▶ **To do**:
Every line of the data below should be repeated exactly, and no picture should be copied.

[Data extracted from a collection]
======

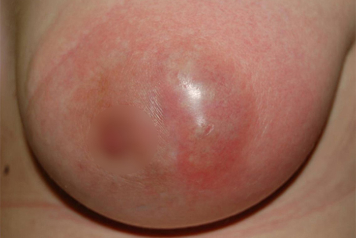 - Khu vực xung quanh cục u có thể đỏ, nhưng toàn bộ vú của bạn không đỏ.
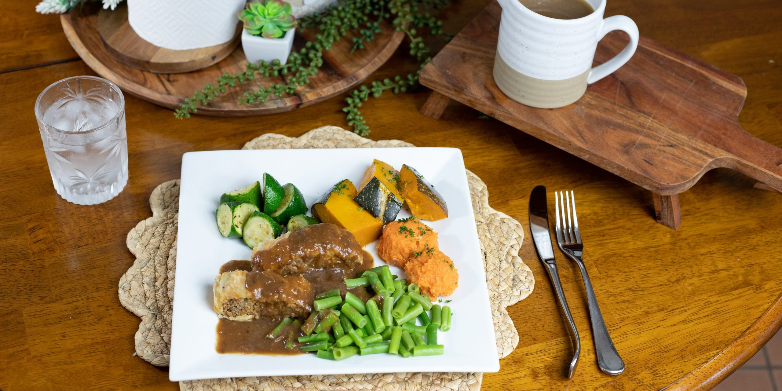 Flaky wholesome sausage roll with smooth sweet potato mash topped with a rich gravy and oven roasted vegetables Project navigationPreviousPrevious project:Roasted Beetroot and Vegetable Soup
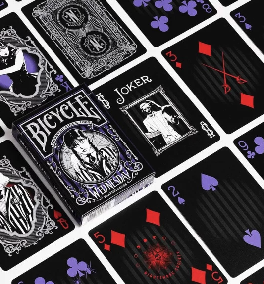 Paseste in lumea misterioasa a Nevermore Academy cu Bicycle Wednesday Playing Cards! Inspirate de celebrul serial Netflix cu Jenna Ortega in rolul Wednesday Addams, aceste carti de joc aduc un strop de eleganta gotica fiecarei partide. Fiecare carte, de un negru intens, este atent decorata si prezinta personaje indragite din serial, oferind un amestec perfect de stil si mister.
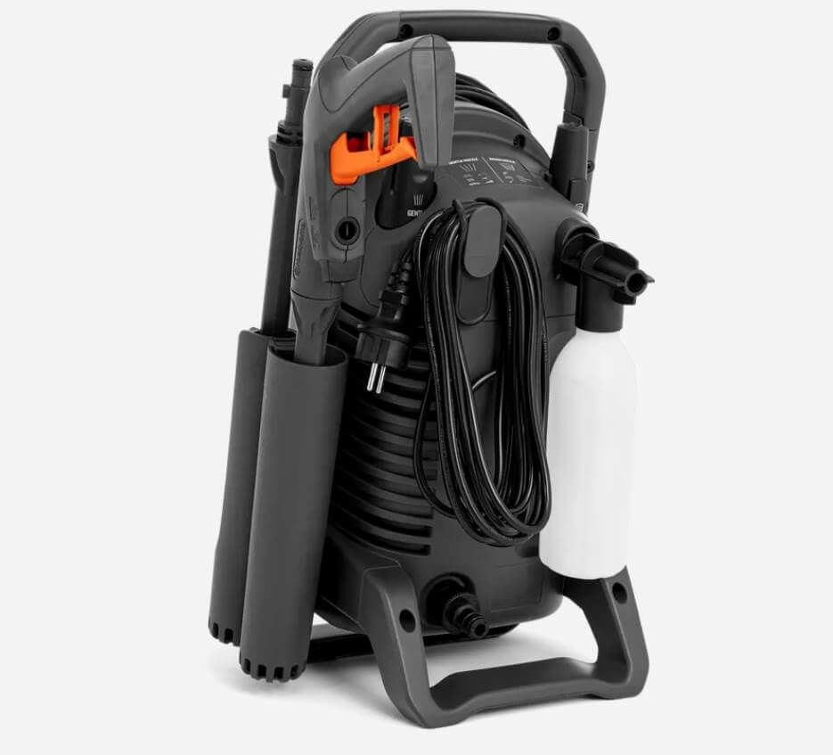 Produkthighlights im Überblick: Reinigungsmittelsprüher: Transparenter Schaumsprüher für eine einfache Kontrolle des Reinigungsmittelstands. Ergonomischer Tragegriff: Robuster und komfortabler Griff für mühelosen Transport. UltraFlex Hochdruckschlauch: Besonders flexibel und leicht aufrollbar für eine bequeme Handhabung. Intuitive Druckregulierung: Einfacher Zugang zur Düse und Druckeinstellung für optimale Reinigungsleistung. Praktische Aufbewahrung: Integrierte Fächer für Pistole, Sprühlanze und Zubehör direkt am Gerät. Robuste Metallpumpe: Langlebig und widerstandsfähig für eine lange Lebensdauer. Schlauchfach: Bequeme Aufbewahrung für eine schnelle Einsatzbereitschaft. Variable Flachstrahldüse: Vielseitig einsetzbar für unterschiedliche Reinigungsaufgaben mit perfekten Ergebnissen. Doppelte Drehgelenke & Schnellkupplungssystem: Maximale Effizienz und Komfort bei der Handhabung von Zubehör und Düsen. Rotierende Düse: Hohe Reinigungsleistung zur Entfernung von hartnäckigem Schmutz. Kompakte und leichte Bauweise: Einfache Lagerung und müheloser Transport. Husqvarna Kompakt-Hochdruckreiniger – Benutzerfreundlich, leistungsstark und platzsparend Der kompakte und leicht zu bedienende Hochdruckreiniger von Husqvarna ist die ideale Lösung für eine mühelose und effiziente Reinigung. Dank seines ultraflexiblen Hochdruckschlauchs, der intuitiven Bedienung und der stabilen Bauweise lässt sich das Gerät einfach transportieren und lagern. Schnellkupplungen, vielseitiges Zubehör und eine robuste Metallpumpe sorgen für eine langlebige und zuverlässige Reinigungsleistung bei verschiedenen Anwendungen.
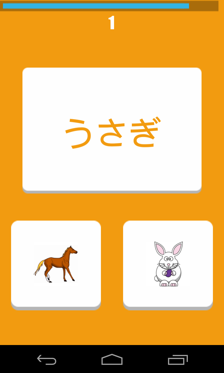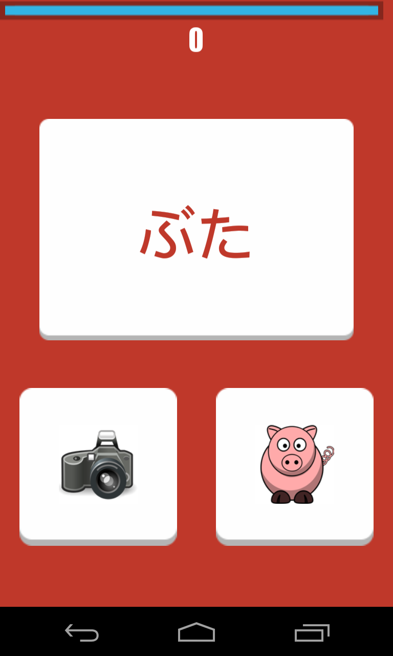 Play game to study Japanese vocabulary New game with fancy design interface There are two game modes: Text Game and Image Game. Words are displayed in hiragana, katakana and kanji Each questions has two answers to choose. There is only one answer is correct and you have to choose it in a specific time. Play to study Study by playing
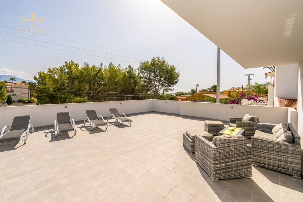 Este hermoso Chalet esta totalmente reformado en el año 2014 de alto nivel. La casa se distribuye en dos niveles en el 1er piso encontramos una amplia sala de estar y una cocina muy amplia, 3 dormitorios y 3 baños y un lavadero independiente con lavadora y secadora. En el 2do piso hay 2 dormitorios y 1 baño. Un dormitorio es una sala de televisión (con pantalla plana) que se puede utilizar como dormitorio con un sofá cama doble. Acceso directo a la piscina desde el salón y la cocina. Amplio jardín con mucho encanto y mucha tranquilidad.
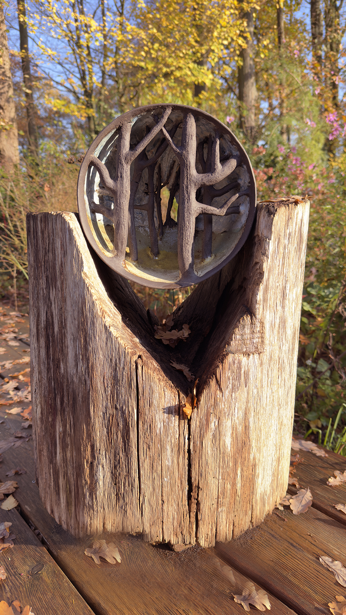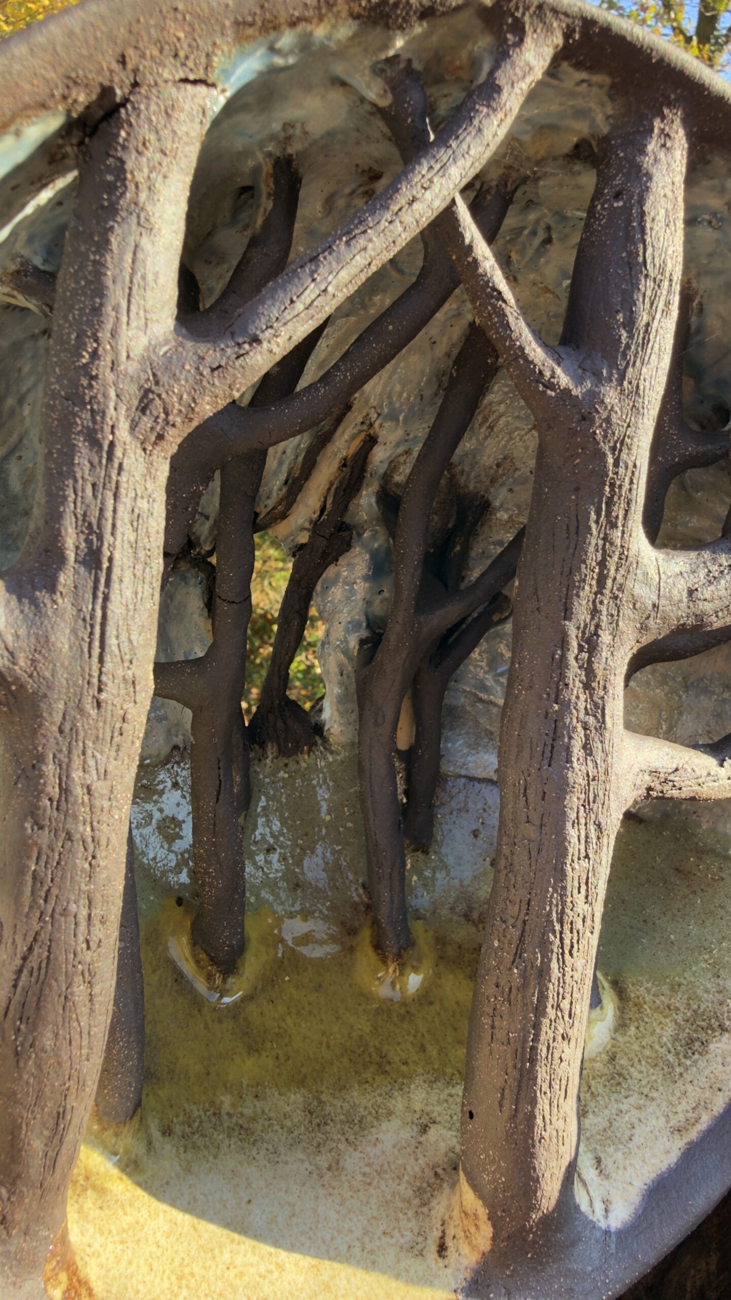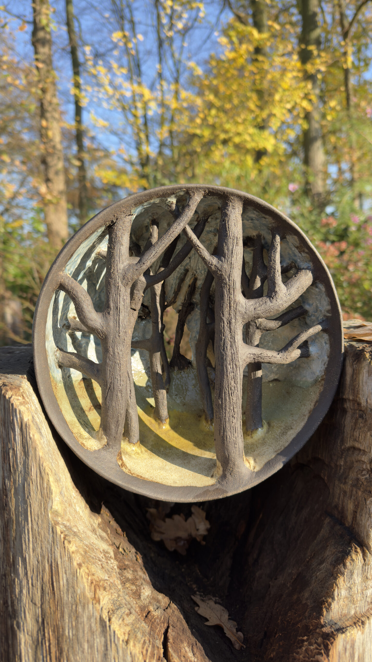 The ForestAbstract view of a dark forest in a round tunnel. Year2023MaterialBrown Stoneware, with glazing.SizeH 30 x W 30 x D 20 cm Back to portfolio overview
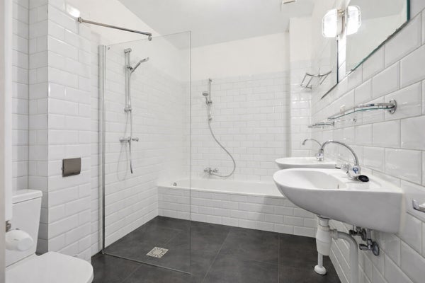 In het hart van de woning bevindt zich de badkamer, betegeld in neutraal wit en voorzien van dubbele wastafel, inloopdouche, ligbad en toilet.
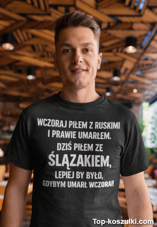 A jeśli potrzebujesz pewniaka na prezent, ta śmieszna koszulka „piłem z Ruskimi i Ślązakiem” działa jak dowcip opowiedziany w idealnym momencie: krótko, mocno i zostaje w pamięci 🍻
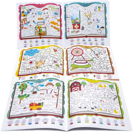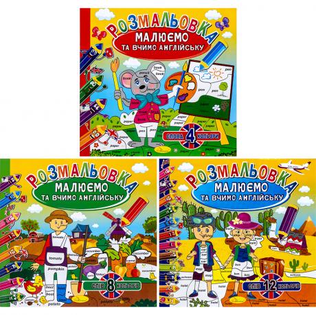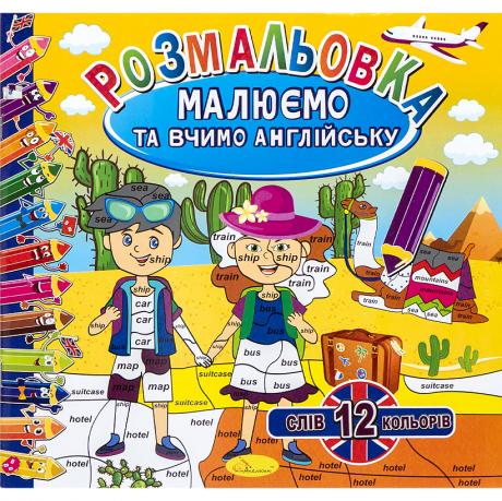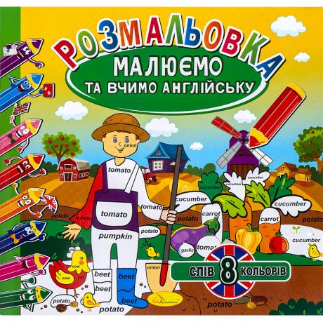 Розмальовка "Малюємо та вчимо англійську" - вчимо англійські слова, розфарбовуючи! Малюнки розбиті на частинки, де кожен колір відповідає певному англійському слову відповідної тематики. Є переклад слова та його транскрипція. 6 листів розмір 23 * 22,5см
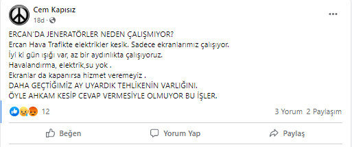Hava Trafik Kontrolörleri Sendikası (HTKS) Başkanı Cem Kapısız, sosyal medya üzerinden bir paylaşım yaparak, Ercan’da jeneratörlerin neden hala çalışmadığını sordu.
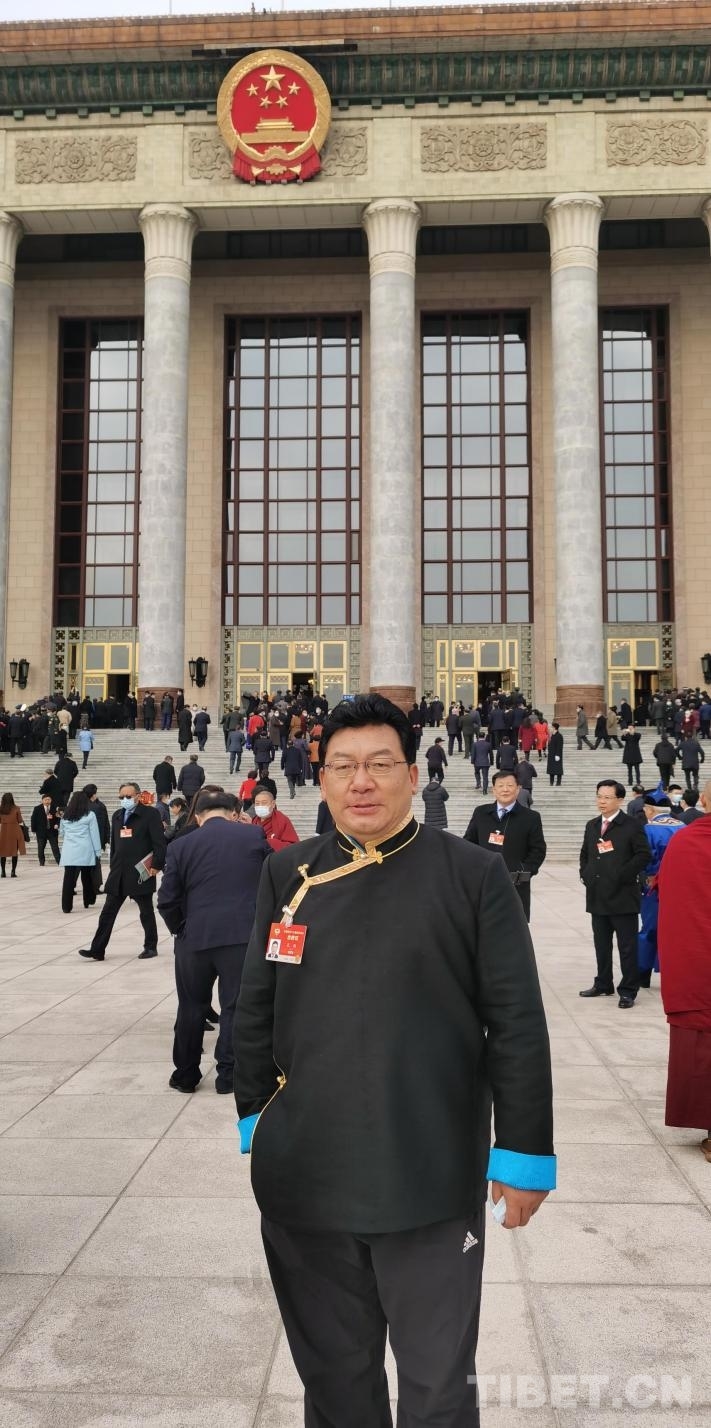 圖為全國政協(xié)委員扎西在人民大會堂前
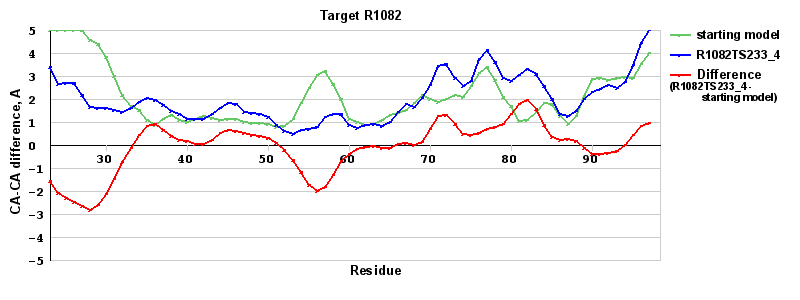 | Red line = (blue line) - (green thick line): difference between the corresponding Refined Model-Target and Starting Model-Target CA-CA distances (see above). Negative values show regions where the reifned model has better fit to the target than the starting model, i.e. areas of potential improvement. |
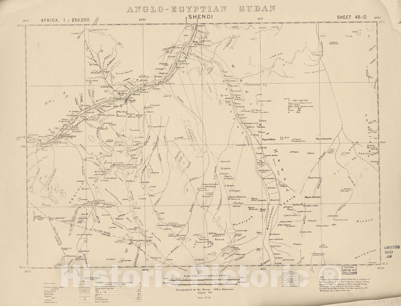 Historic 1909 Map - Sudan 1:250,000 - Shendi Sheet 45-O Jan 1913 - Anglo-Egyptian Sudan
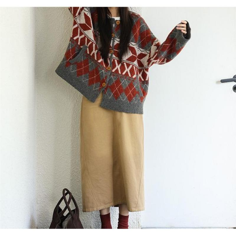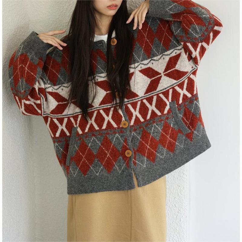 Жаккардовый свободный свитер-кардиган в скандинавском стиле с ромбовидной решеткой [Cherry Into Poetry] W5539 Удобный, универсальный и модный
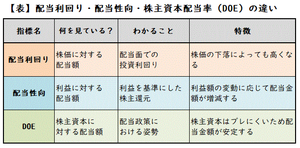株主資本は、株主の出資分に事業で積み上げてきた利益を加えたもので、DOEは利益の蓄積からの配分です。一般的に株主資本は大きく変動するものではありませんから、単年度の利益が落ちたとしても配当金の額を保ちやすいという特徴があります。
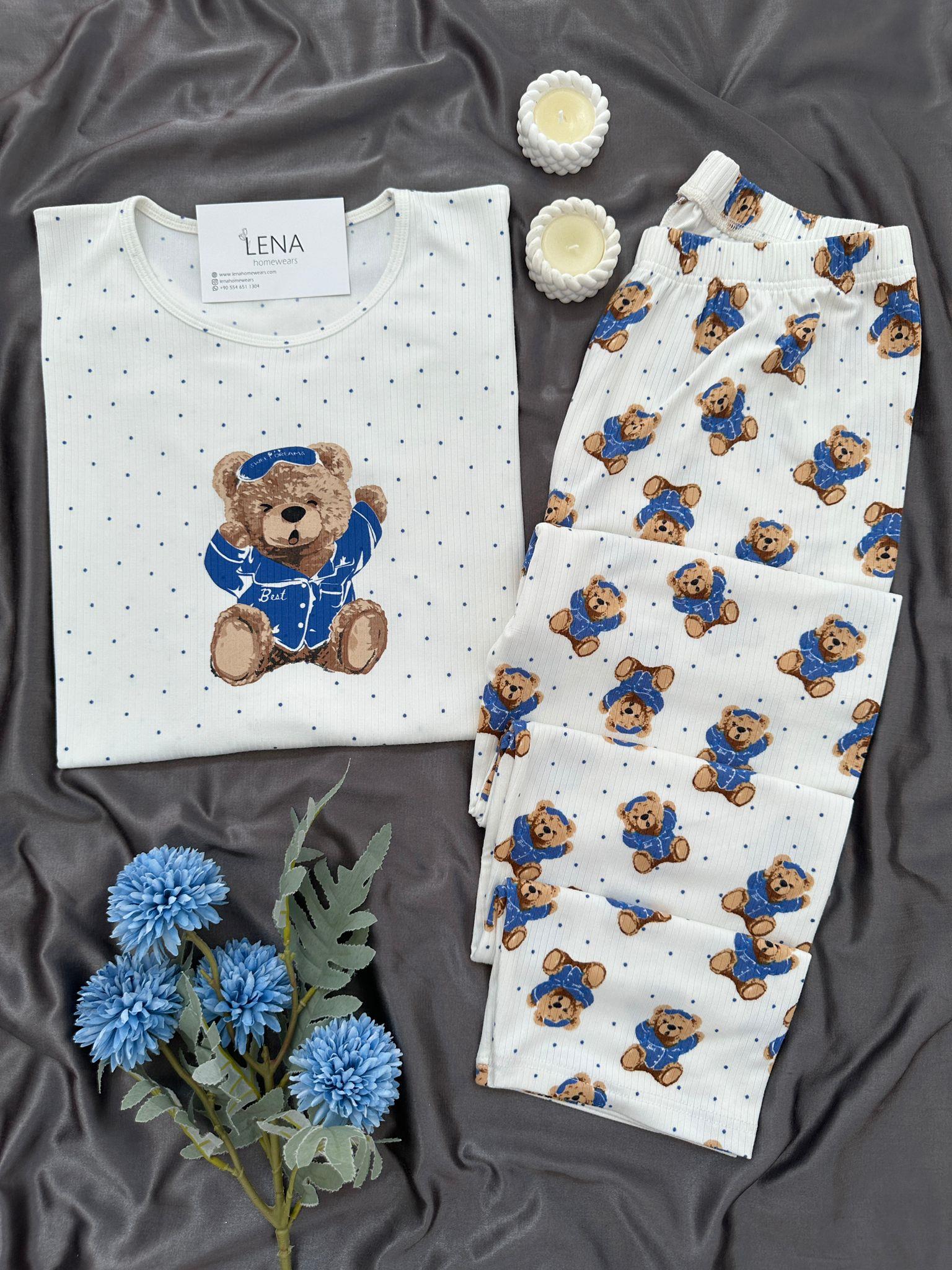 Ekru Ayıcık Desenli Bisiklet Yaka Pijama Takımı – Berlin

======

▶ **Problem solution**:
 - Khu vực xung quanh cục u có thể đỏ, nhưng toàn bộ vú của bạn không đỏ.
 Flaky wholesome sausage roll with smooth sweet potato mash topped with a rich gravy and oven roasted vegetables Project navigationPreviousPrevious project:Roasted Beetroot and Vegetable Soup
 Paseste in lumea misterioasa a Nevermore Academy cu Bicycle Wednesday Playing Cards! Inspirate de celebrul serial Netflix cu Jenna Ortega in rolul Wednesday Addams, aceste carti de joc aduc un strop de eleganta gotica fiecarei partide. Fiecare carte, de un negru intens, este atent decorata si prezinta personaje indragite din serial, oferind un amestec perfect de stil si mister.
 Produkthighlights im Überblick: Reinigungsmittelsprüher: Transparenter Schaumsprüher für eine einfache Kontrolle des Reinigungsmittelstands. Ergonomischer Tragegriff: Robuster und komfortabler Griff für mühelosen Transport. UltraFlex Hochdruckschlauch: Besonders flexibel und leicht aufrollbar für eine bequeme Handhabung. Intuitive Druckregulierung: Einfacher Zugang zur Düse und Druckeinstellung für optimale Reinigungsleistung. Praktische Aufbewahrung: Integrierte Fächer für Pistole, Sprühlanze und Zubehör direkt am Gerät. Robuste Metallpumpe: Langlebig und widerstandsfähig für eine lange Lebensdauer. Schlauchfach: Bequeme Aufbewahrung für eine schnelle Einsatzbereitschaft. Variable Flachstrahldüse: Vielseitig einsetzbar für unterschiedliche Reinigungsaufgaben mit perfekten Ergebnissen. Doppelte Drehgelenke & Schnellkupplungssystem: Maximale Effizienz und Komfort bei der Handhabung von Zubehör und Düsen. Rotierende Düse: Hohe Reinigungsleistung zur Entfernung von hartnäckigem Schmutz. Kompakte und leichte Bauweise: Einfache Lagerung und müheloser Transport. Husqvarna Kompakt-Hochdruckreiniger – Benutzerfreundlich, leistungsstark und platzsparend Der kompakte und leicht zu bedienende Hochdruckreiniger von Husqvarna ist die ideale Lösung für eine mühelose und effiziente Reinigung. Dank seines ultraflexiblen Hochdruckschlauchs, der intuitiven Bedienung und der stabilen Bauweise lässt sich das Gerät einfach transportieren und lagern. Schnellkupplungen, vielseitiges Zubehör und eine robuste Metallpumpe sorgen für eine langlebige und zuverlässige Reinigungsleistung bei verschiedenen Anwendungen.
 Play game to study Japanese vocabulary New game with fancy design interface There are two game modes: Text Game and Image Game. Words are displayed in hiragana, katakana and kanji Each questions has two answers to choose. There is only one answer is correct and you have to choose it in a specific time. Play to study Study by playing
 Este hermoso Chalet esta totalmente reformado en el año 2014 de alto nivel. La casa se distribuye en dos niveles en el 1er piso encontramos una amplia sala de estar y una cocina muy amplia, 3 dormitorios y 3 baños y un lavadero independiente con lavadora y secadora. En el 2do piso hay 2 dormitorios y 1 baño. Un dormitorio es una sala de televisión (con pantalla plana) que se puede utilizar como dormitorio con un sofá cama doble. Acceso directo a la piscina desde el salón y la cocina. Amplio jardín con mucho encanto y mucha tranquilidad.
 The ForestAbstract view of a dark forest in a round tunnel. Year2023MaterialBrown Stoneware, with glazing.SizeH 30 x W 30 x D 20 cm Back to portfolio overview
 In het hart van de woning bevindt zich de badkamer, betegeld in neutraal wit en voorzien van dubbele wastafel, inloopdouche, ligbad en toilet.
 A jeśli potrzebujesz pewniaka na prezent, ta śmieszna koszulka „piłem z Ruskimi i Ślązakiem” działa jak dowcip opowiedziany w idealnym momencie: krótko, mocno i zostaje w pamięci 🍻
 Розмальовка "Малюємо та вчимо англійську" - вчимо англійські слова, розфарбовуючи! Малюнки розбиті на частинки, де кожен колір відповідає певному англійському слову відповідної тематики. Є переклад слова та його транскрипція. 6 листів розмір 23 * 22,5см
Hava Trafik Kontrolörleri Sendikası (HTKS) Başkanı Cem Kapısız, sosyal medya üzerinden bir paylaşım yaparak, Ercan’da jeneratörlerin neden hala çalışmadığını sordu.
 圖為全國政協(xié)委員扎西在人民大會堂前
 | Red line = (blue line) - (green thick line): difference between the corresponding Refined Model-Target and Starting Model-Target CA-CA distances (see above). Negative values show regions where the reifned model has better fit to the target than the starting model, i.e. areas of potential improvement. |
 Historic 1909 Map - Sudan 1:250,000 - Shendi Sheet 45-O Jan 1913 - Anglo-Egyptian Sudan
 Жаккардовый свободный свитер-кардиган в скандинавском стиле с ромбовидной решеткой [Cherry Into Poetry] W5539 Удобный, универсальный и модный
株主資本は、株主の出資分に事業で積み上げてきた利益を加えたもので、DOEは利益の蓄積からの配分です。一般的に株主資本は大きく変動するものではありませんから、単年度の利益が落ちたとしても配当金の額を保ちやすいという特徴があります。
 Ekru Ayıcık Desenli Bisiklet Yaka Pijama Takımı – Berlin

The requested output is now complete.